### Record set:
= Beginning of Section =

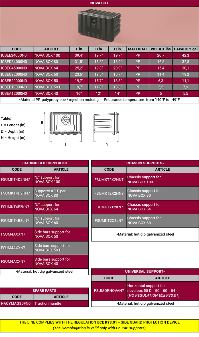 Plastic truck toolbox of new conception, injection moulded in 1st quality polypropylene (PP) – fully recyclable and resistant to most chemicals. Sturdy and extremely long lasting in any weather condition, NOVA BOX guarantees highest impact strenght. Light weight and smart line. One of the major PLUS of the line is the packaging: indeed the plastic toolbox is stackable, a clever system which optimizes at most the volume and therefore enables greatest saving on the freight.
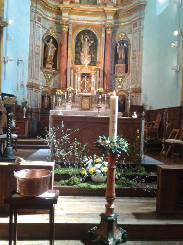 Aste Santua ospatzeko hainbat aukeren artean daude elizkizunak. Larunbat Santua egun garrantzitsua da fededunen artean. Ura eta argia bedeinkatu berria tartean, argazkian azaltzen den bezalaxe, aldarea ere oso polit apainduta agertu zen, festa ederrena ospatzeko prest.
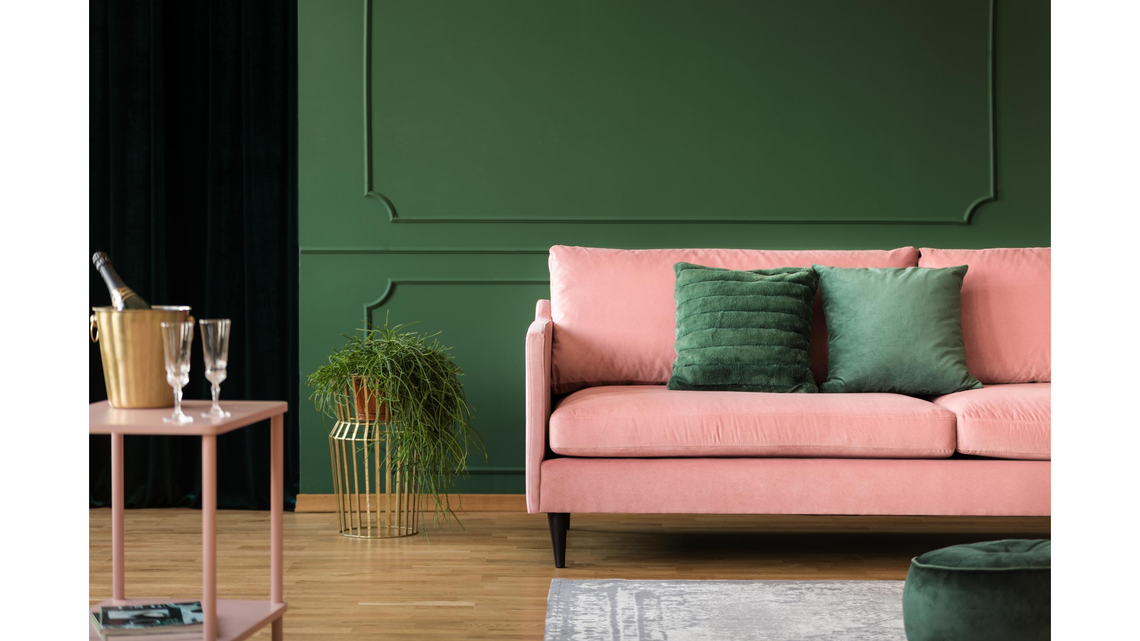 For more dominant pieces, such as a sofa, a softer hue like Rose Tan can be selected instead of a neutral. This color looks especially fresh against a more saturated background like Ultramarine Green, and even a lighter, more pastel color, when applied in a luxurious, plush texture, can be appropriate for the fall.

= End of Section =
= Beginning of Section =

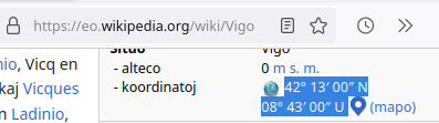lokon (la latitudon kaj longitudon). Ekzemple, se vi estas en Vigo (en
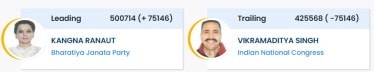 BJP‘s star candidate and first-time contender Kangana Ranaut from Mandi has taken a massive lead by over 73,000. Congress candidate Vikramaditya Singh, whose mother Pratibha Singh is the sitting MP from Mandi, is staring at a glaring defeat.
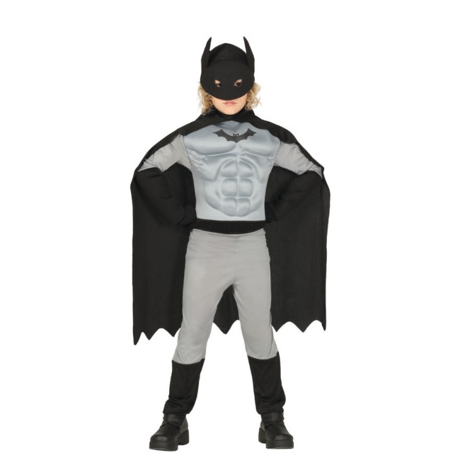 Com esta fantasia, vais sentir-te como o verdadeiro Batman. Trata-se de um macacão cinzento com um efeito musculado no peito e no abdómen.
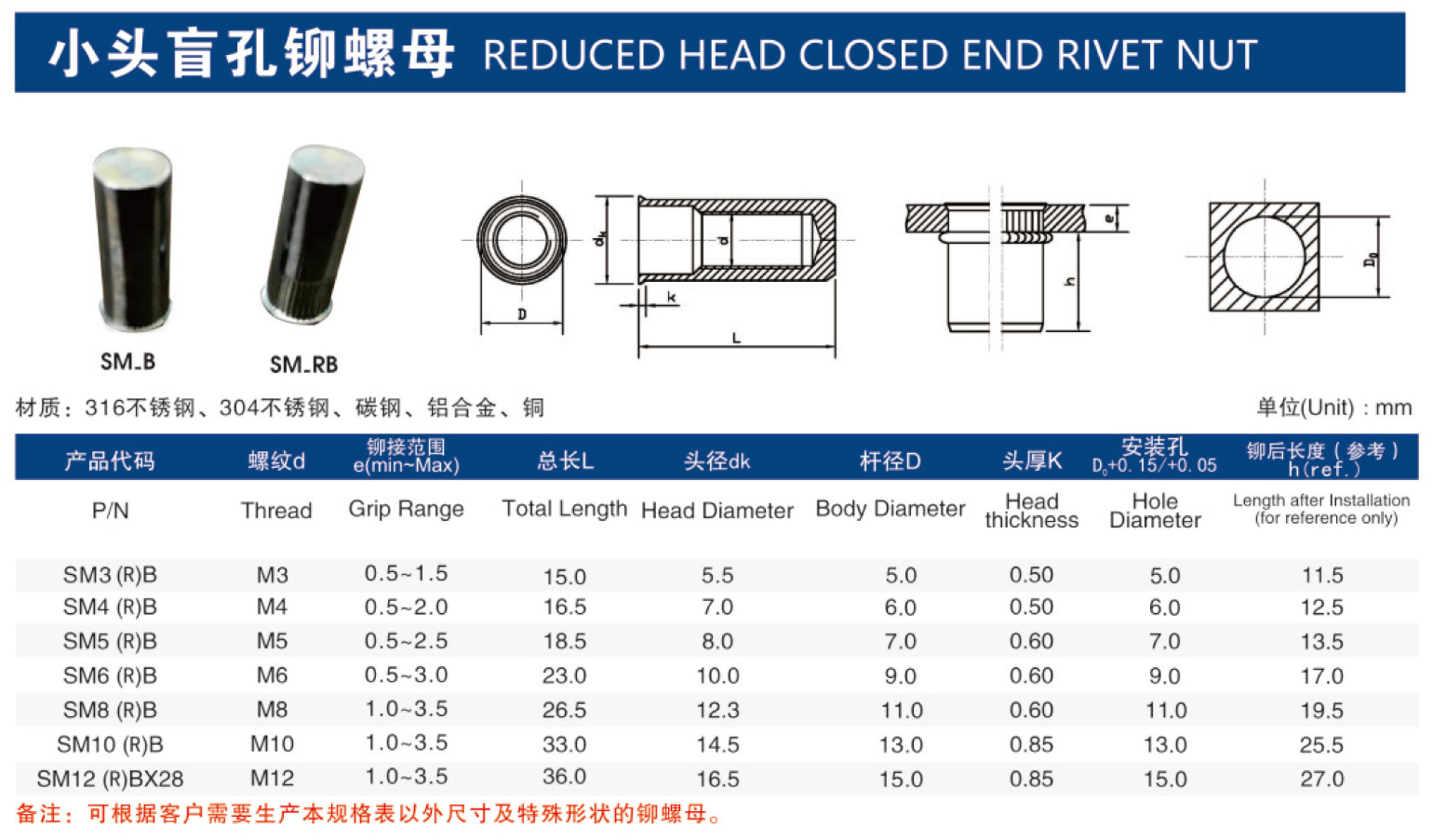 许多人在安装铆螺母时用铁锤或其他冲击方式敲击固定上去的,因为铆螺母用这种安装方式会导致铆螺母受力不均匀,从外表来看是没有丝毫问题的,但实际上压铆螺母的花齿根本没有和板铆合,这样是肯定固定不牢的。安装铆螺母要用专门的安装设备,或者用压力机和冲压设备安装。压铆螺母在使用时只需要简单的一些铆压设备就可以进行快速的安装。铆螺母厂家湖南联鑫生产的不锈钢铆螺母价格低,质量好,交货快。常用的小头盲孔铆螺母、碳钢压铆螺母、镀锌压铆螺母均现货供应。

= End of Section =
= Beginning of Section =

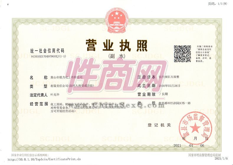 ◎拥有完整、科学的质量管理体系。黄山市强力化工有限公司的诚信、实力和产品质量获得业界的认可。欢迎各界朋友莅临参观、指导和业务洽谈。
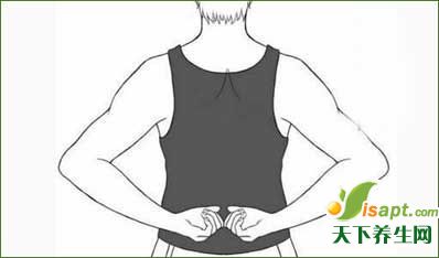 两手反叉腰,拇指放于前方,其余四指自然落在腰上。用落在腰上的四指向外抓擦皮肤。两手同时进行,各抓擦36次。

= End of Section =

### Required action:
What is wanted is an exact copy of the lines above from the one containing "Com esta fantasia, vais" through the one containing "许多人在安装铆螺母时用铁锤或", with no pictures in it.

### Answer space:
 Com esta fantasia, vais sentir-te como o verdadeiro Batman. Trata-se de um macacão cinzento com um efeito musculado no peito e no abdómen.
 许多人在安装铆螺母时用铁锤或其他冲击方式敲击固定上去的,因为铆螺母用这种安装方式会导致铆螺母受力不均匀,从外表来看是没有丝毫问题的,但实际上压铆螺母的花齿根本没有和板铆合,这样是肯定固定不牢的。安装铆螺母要用专门的安装设备,或者用压力机和冲压设备安装。压铆螺母在使用时只需要简单的一些铆压设备就可以进行快速的安装。铆螺母厂家湖南联鑫生产的不锈钢铆螺母价格低,质量好,交货快。常用的小头盲孔铆螺母、碳钢压铆螺母、镀锌压铆螺母均现货供应。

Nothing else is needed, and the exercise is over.